With the advent of the web, everything changed massively. Search engines and social networks are now modeling data in domains in which relations between data are not easily identifiable or, sometimes, not even needed (e.g. search engines indexing documents).
Nevertheless, a few terms of the old world are still used today, and it's important to look at them with a modern approach. Two of them are, precisely, OLTP and OLAP. But for an overall context, let's take a look at the following image that shows the relation between OLTP and OLAP.
What the image above underlines is that OLTP and OLAP are not competing approaches to the same issue, but processes that complement each other. Next you'll find a more in depth explanation of each one of those terms.
What is OLTP?
The term OLTP refers to Online Transaction Processing. It's often used to mention databases that store and manage data relevant to the day-to-day operations of a system or company. In the past this term was usually linked to relational databases in operation, where the main focus was to gather data from what was happening in a given context.
In short: OLTP is used to store and manage data for day-to-day operations.
As the information being stored on an OLTP data store was often critical to the business, a huge effort was put to ensure the Atomicity, Consistency, Isolation and Durability (ACID) of the data. Data stored according to these four principles are marked as ACID compliant, and this is where relational database management systems excel.
But having an ACID compliant Datastore does not mean that we don't have to make any additional effort to ensure our data is compliant with those principles. The way we process the data matters. For instance, how can we guarantee that data is consistent if we allow redundancy in our data store?
If we are storing clients' addresses, it's important to ensure that when the client moves to another place, the address is updated everywhere. But storing addresses in several places makes it hard to keep the data in a consistent state. This is why relational databases are often designed to match the 5th normal form - a way of designing relational data that avoids redundancy.
As said previously, the world has changed since the OLTP term was defined, and nowadays it's easy to store data on non-relational databases. Most of those data stores comply only with some of the four principles of ACID. But depending on the use case, it's OK to relax on one or more of these principles in exchange for other benefits (speed, scalability, etc).
For example, if we are storing "likes" in a post on a social network, is it really important to ensure that the number of likes is 100% accurate? Or is it OK to display 995 likes instead of 998, in exchange for a faster response to millions of users?
As OLTP refers to Online Transaction Processing, we see that the term is not bounded to relational databases or even fully compliant ACID databases. It simply refers to the way these data stores are used. If, for example, we're using a document data storage (e.g. MongoDB) to store and process data from the day-to-day operations of a social app (e.g. to register users, store likes, etc), we're OK to say that it's OLTP.
What is OLAP?
The term OLAP refers to Online Analytical Processing, and is often used to mention databases that store and manage data relevant for data analysis and decision making.

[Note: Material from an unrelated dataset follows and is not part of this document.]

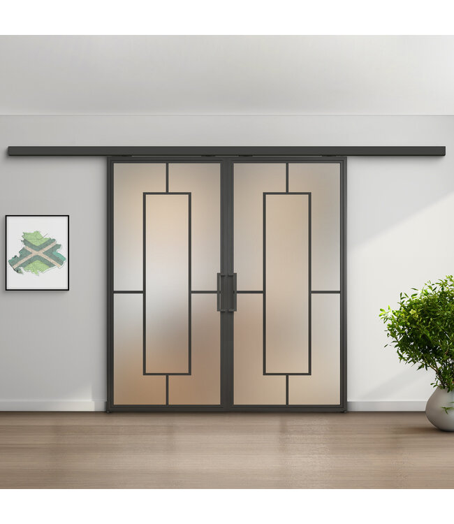Wil je je interieur een luxe upgrade geven? Dan zijn deze stalen schuifdeuren een zeer geschikte keuze. Het design combineert een ontwerp in matzwart (RAL 9005) met vijf vlakken van mat glas en is goed toe te passen in onder andere een moderne inrichting. De deuren schuiven soepel langs de wand en zijn voorzien van een duurzame, kras- en vochtwerende poedercoating voor langdurig gebruik. Deze schuifdeur zorgt voor sfeer en een ruimtelijk gevoel in huis. We hebben dit design ook beschikbaar met helder en rook glas.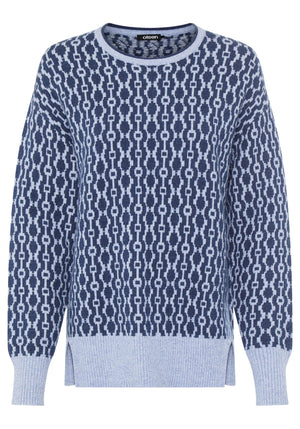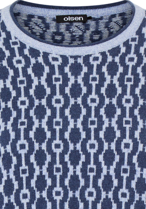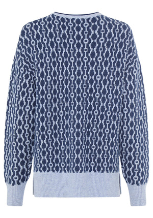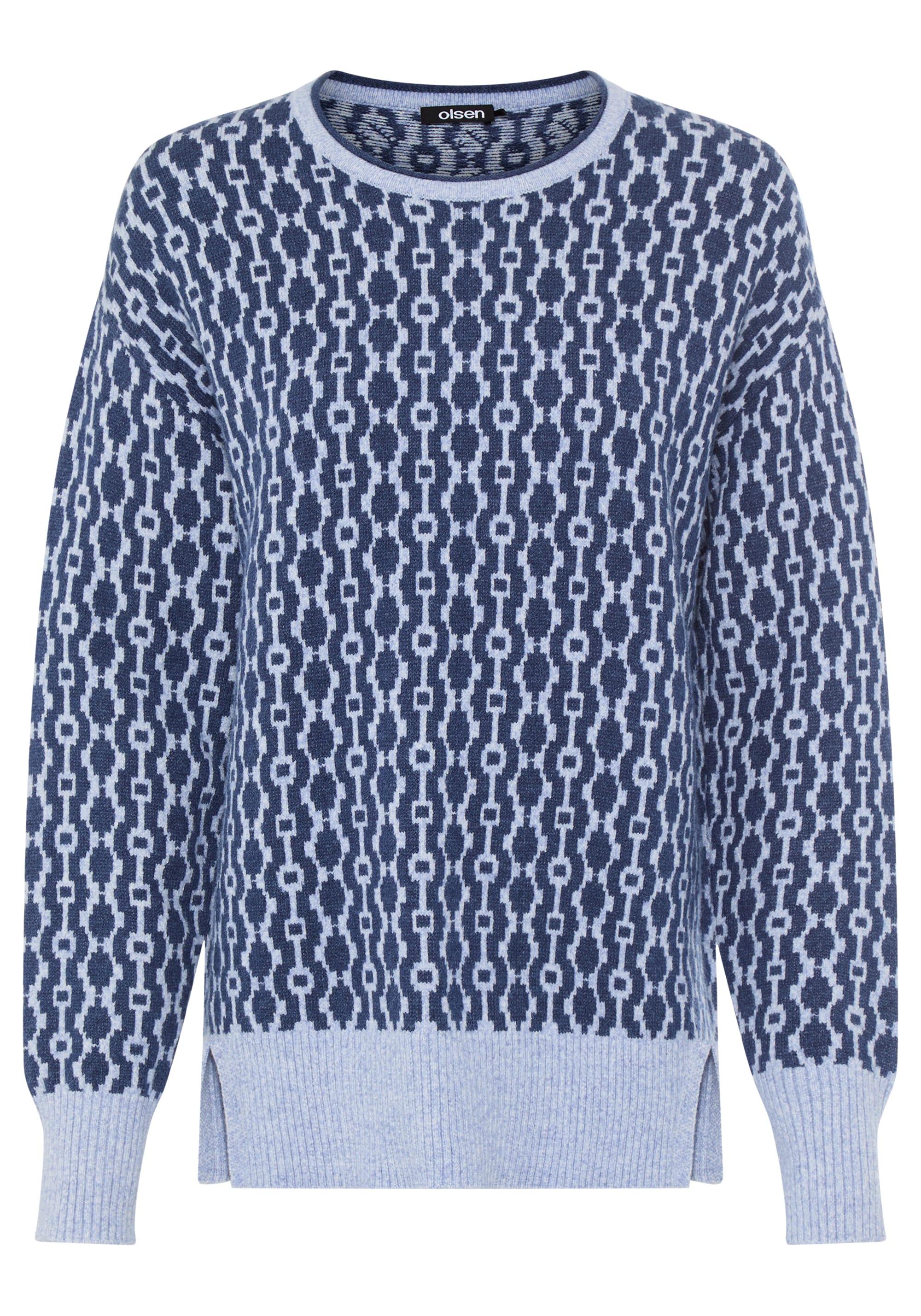 An allover retro ornamental pattern resembling keyholes makes a bold statement on this super-soft sweater in lovely shades of blue.

OLAP is strongly connected to Business Intelligence (BI), a specialization of software development targeted at delivering applications for business analysis. In other words, the objective of BI is to allow top level executives to query and explore data without the help of involving IT staff.
In short: OLAP is used analyze data and make decisions.
The biggest advance that this area has brought was the capacity to generate reports on the fly. It ended the need to call the IT department to ask for a custom report, or to automate the generation of specific reports. A BI system can now answer questions that the developers didn't had the need to know it in advance that the question was going to be asked.
BI systems are made possible by organizing the data in a form called Hypercube. This form explores the many dimensions of the data, and allows users to aggregate or drill down data by navigating the dimensions of the cube.
The fun part is that, with the right interface, top level management can generate reports on the fly, without the help of IT.
OLAP systems can be implemented using relational databases, and this technique is often named ROLAP (Relational OLAP). But for that, we need to design the database not in the 5th normal form but in the 3rd normal form.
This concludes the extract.